On 2021-Aug-09, Alvaro Herrera wrote:
> > 3) What is the goal of the autovac_refresh_stats() after the loop doing
> > pgstat_report_anl_ancestors()? I think it'll be common that the stats
> > collector hasn't even processed the incoming messages by that point, not to
> > speak of actually having written out a new stats file.

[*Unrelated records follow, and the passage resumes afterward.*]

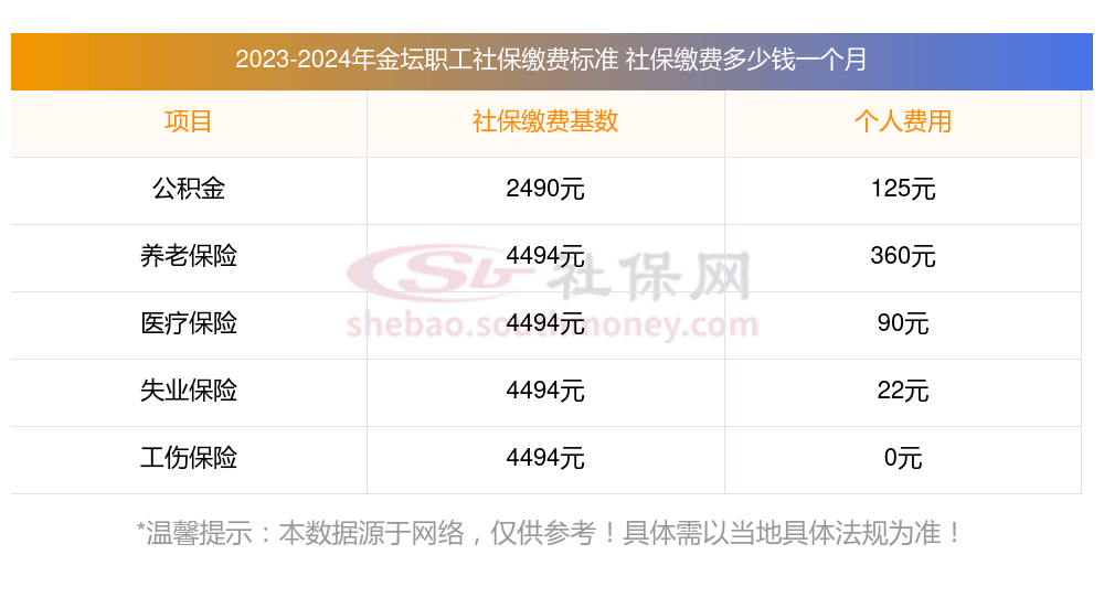 据新社通app小编了解到,2023-2024年金坛社保缴费基数参照为3579.00,金坛社保缴费明细如下: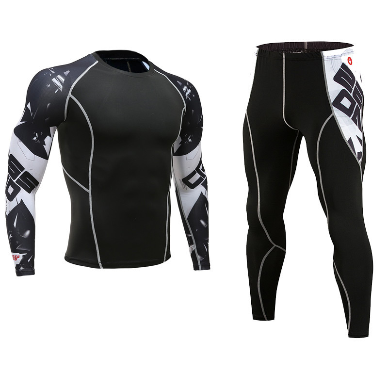 유럽과 미국 크로스 보더 스포츠 피트니스 세트 스타킹 남자의 긴 소매 피트니스 티셔츠 속건 슈퍼 탄성 PRO 세트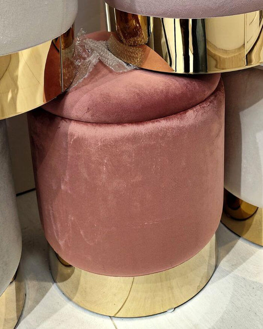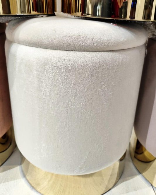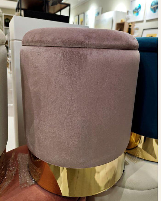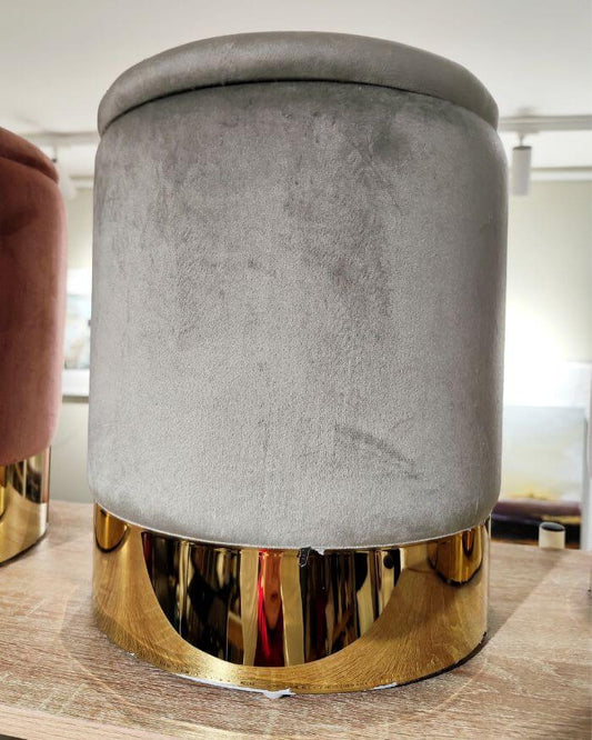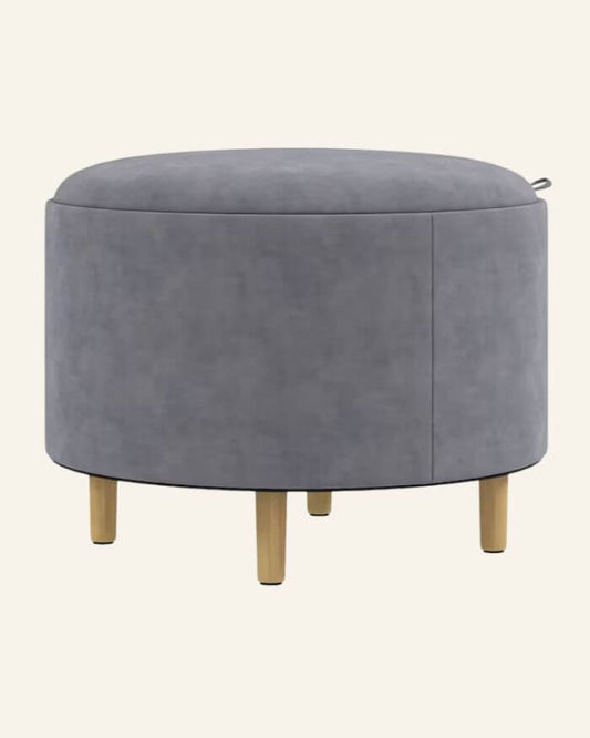 Velvet Storage Pouf with Flip Top Tray in Grey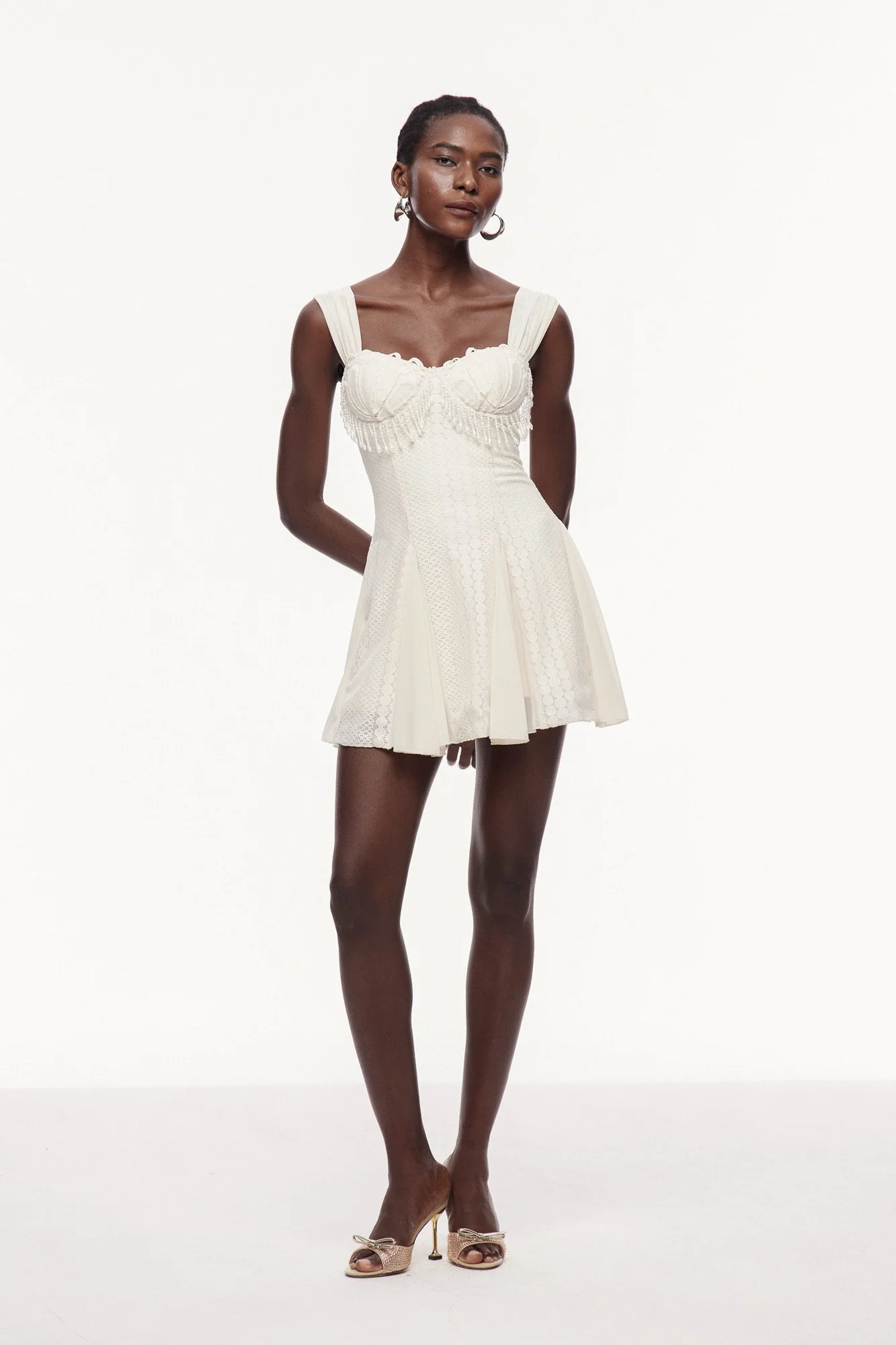 The White Fringe Ruffle Mini Dress showcases exceptional craftsmanship with charming fringe details and layered ruffles, creating a dynamic yet flattering silhouette. Ideal for special occasions, this dress blends sophistication with a touch of youthfulness for a standout style. Enjoy non-stretch comfort and gentle machine wash care. Note: Colors may vary slightly due to lighting in images.
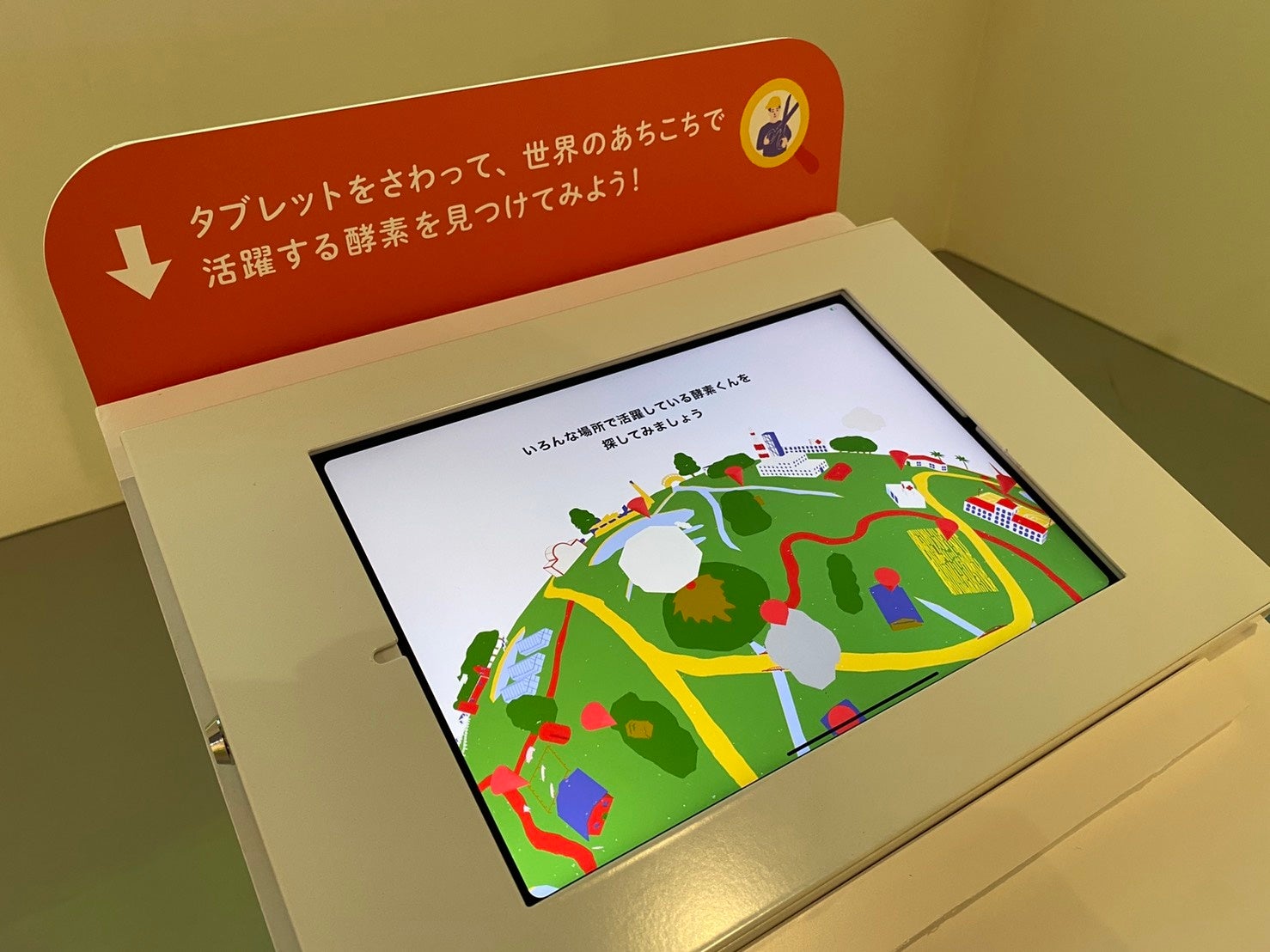 WEBサイトの人気コンテンツ「酵素の宇宙図」が展示会場に登場。来場者は手元のタブレットで操作しながら、宇宙図のさまざまなところに隠れた、酵素のはたらきを探して学ぶことができます。
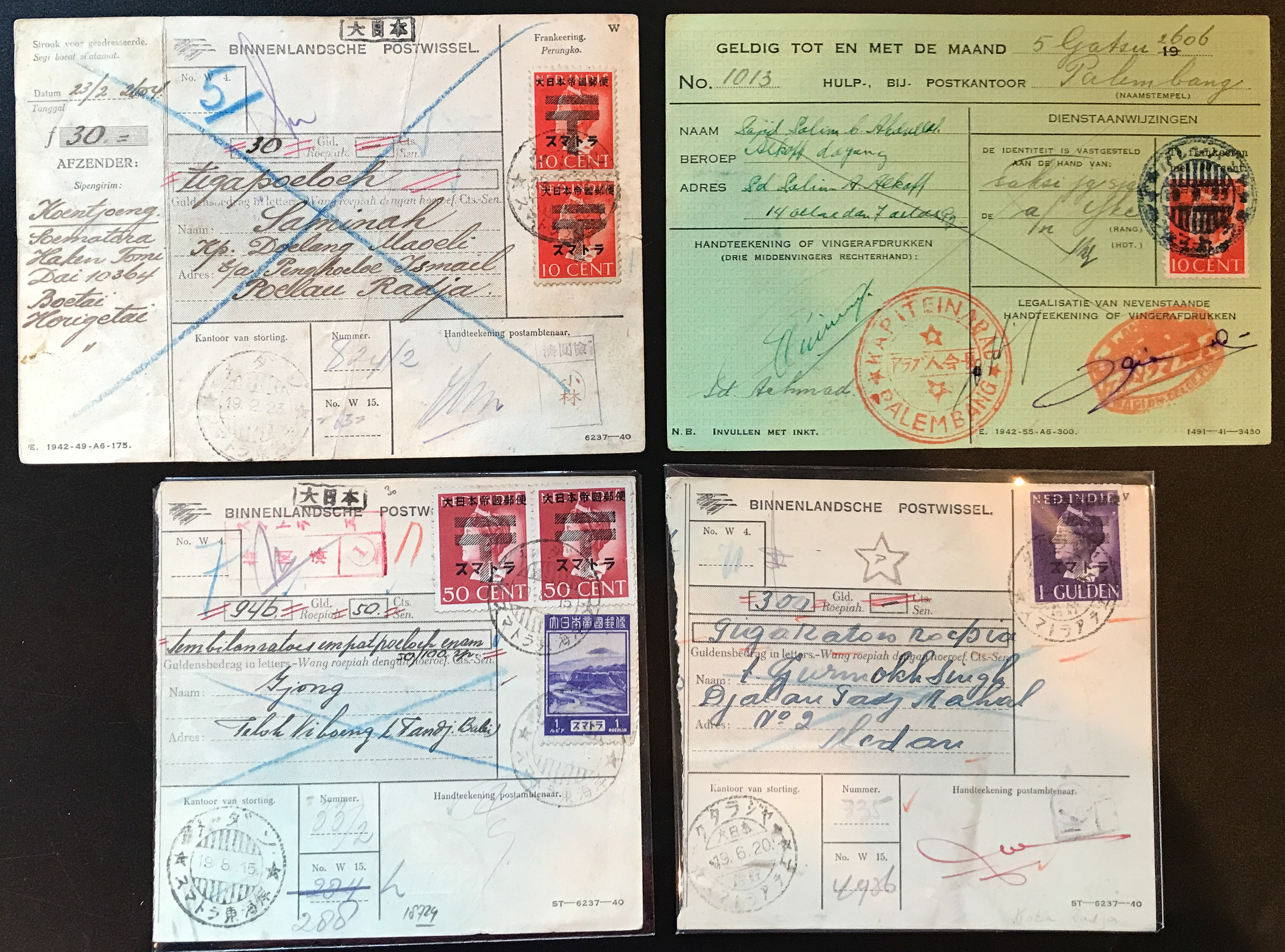 Ned. Indies Sumatra covers 3 money orders and 1 telegram document (Image1)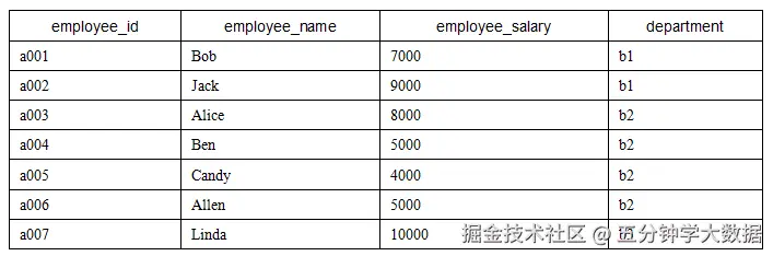 题目1**:****找出每个部门工资第二高的员工**现有一张公司员工信息表employee,表中包含如下4个字段。

If it took less than
> > 10ms (PGSTAT_RETRY_DELAY) to get to autovac_refresh_stats(),
> > backend_read_statsfile() will not wait for a new stats file to be written
> > out, and we'll just re-read the state we previously did.
> >
> > It's pretty expensive to re-read the stats file in some workloads, so I'm a
> > bit concerned that we end up significantly increasing the amount of stats
> > updates/reads, without actually gaining anything reliable?
>
> This is done once per autovacuum run and the point is precisely to let
> the next block absorb the updates that were sent. In manual ANALYZE we
> do it to inform future autovacuum runs.
>
> Note that the PGSTAT_RETRY_DELAY limit is used by the autovac launcher
> only, and this code is running in the worker; we do flush out the old
> data. Yes, it's expensive, but we're not doing it once per table, just
> once per worker run.
I misunderstood what you were talking about here -- I thought it was
about the delay in autovac_refresh_stats (STATS_READ_DELAY, 1s). Now
that I look at this again I realize what your point is, and you're
right, there isn't sufficient time for the collector to absorb the
messages we sent before the next scan pg_class scan starts.
--
Álvaro Herrera PostgreSQL Developer — https://www.EnterpriseDB.com/
"Cada quien es cada cual y baja las escaleras como quiere" (JMSerrat)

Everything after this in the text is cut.